Data below:
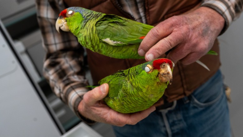 Philip Unitt showcases preserved parrots in the Natural History Museum’s bird archive. (Photo by Thomas Murphy/Times of San Diego)
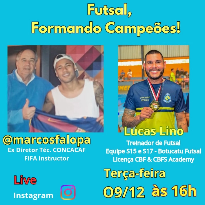 Futsal, revelando craques, será o tema da live de Marcos Falopa com Lucas Lino
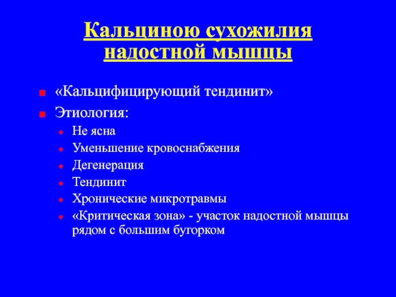 Кальциноз сухожилия надостной мышцы
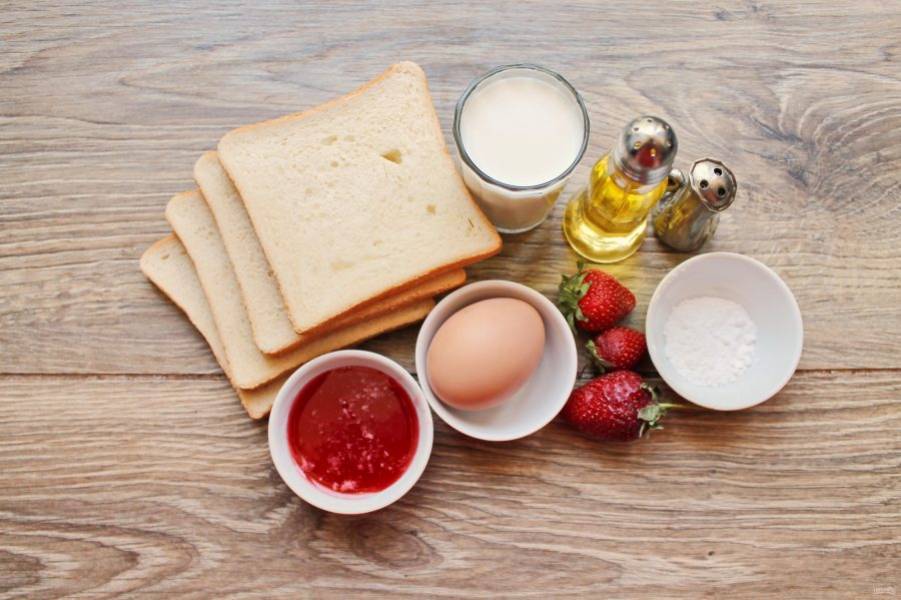 Подготовьте все необходимые ингредиенты для приготовления французских клубничных тостов.

Action item: Return the material from above in full, exactly as written, with the pictures omitted.

Exercise solution:
 Philip Unitt showcases preserved parrots in the Natural History Museum’s bird archive. (Photo by Thomas Murphy/Times of San Diego)
 Futsal, revelando craques, será o tema da live de Marcos Falopa com Lucas Lino
 Кальциноз сухожилия надостной мышцы
 Подготовьте все необходимые ингредиенты для приготовления французских клубничных тостов.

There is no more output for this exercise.